The urn model is a simple abstraction that can be helpful for understanding variation. This model sets up a container (an urn, which is like a vase or a bucket) full of identical marbles that have been labeled, and we use the simple action of drawing marbles from the urn to reason about sampling schemes, randomized controlled experiments, and measurement error. For each of these types of variation, the urn model helps us estimate the size of the variation using either probability or simulation (see Chapter 3). The example of selecting Wikipedia contributors to receive an informal award provides two examples of the urn model.
Recall that for the Wikipedia experiment, 200 contributors were selected at random from 1,440 top contributors. These 200 contributors were then split, again at random, into two groups of 100 each. One group received an informal award and the other didn’t. Here’s how we use the urn model to characterize this process of selection and splitting:
Imagine an urn filled with 1,440 marbles that are identical in shape and size, and written on each marble is one of the 1,440 Wikipedia usernames. (This is the access frame.)
Mix the marbles in the urn really well, select one marble, and set it aside.
Repeat the mixing and selecting of the marbles to obtain 200 marbles.
The marbles drawn form the sample. Next, to determine which of the 200 contributors receive awards, we work with another urn:
In a second urn, put in the 200 marbles from the preceding sample.
Mix these marbles well, select one marble, and set it aside.
Repeat, choosing 100 marbles. That is, choose marbles one at a time, mixing in between, and setting the chosen marble aside.

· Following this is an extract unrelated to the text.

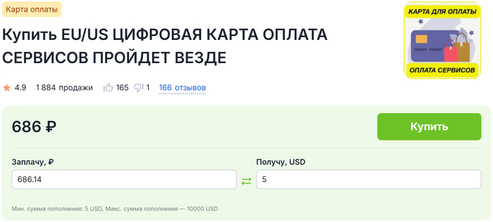 Есть и другой путь — купить виртуальную карту с уже зачисленным балансом на маркетплейсе ggsel. Перед оформлением указываете нужную сумму, оплачиваете в рублях, и на карте сразу будет эквивалент в иностранной валюте, готовый для оплаты ChatGPT Plus.

The 100 drawn marbles are assigned to the treatment group and correspond to the contributors who receive an award. The 100 left in the urn form the control group and receive no award.
Both the selection of the sample and the choice of award recipients use a chance mechanism. If we were to repeat the first sampling activity again, returning all 1,440 marbles to the original urn, then we would most likely get a different sample. This variation is the source of sampling variation. Likewise, if we were to repeat the random assignment process again (keeping the sample of 200 unchanged), then we would get a different treatment group. Assignment variation arises from this second chance process.

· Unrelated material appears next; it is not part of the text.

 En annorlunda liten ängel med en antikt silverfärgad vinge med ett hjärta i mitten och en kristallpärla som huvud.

The Wikipedia experiment provided an example of both sampling and assignment variation. In both cases, the researcher imposed a chance mechanism on the data collection process. Measurement error can at times also be considered a chance process that follows an urn model. For example, we can characterize the measurement error of the CO2 monitor at Mauna Loa in this way.
If we can draw an accurate analogy between variation in the data and the urn model, the urn model provides us the tools to estimate the size of the variation (see Chapter 3). This is highly desirable because we can give concrete values for the variation in our data. However, it’s vital to confirm that the urn model is a reasonable depiction of the source of variation. Otherwise, our claims of accuracy can be seriously flawed. Knowing as much as possible about data scope, including instruments and protocols and chance mechanisms used in data collection, is needed to apply these urn models.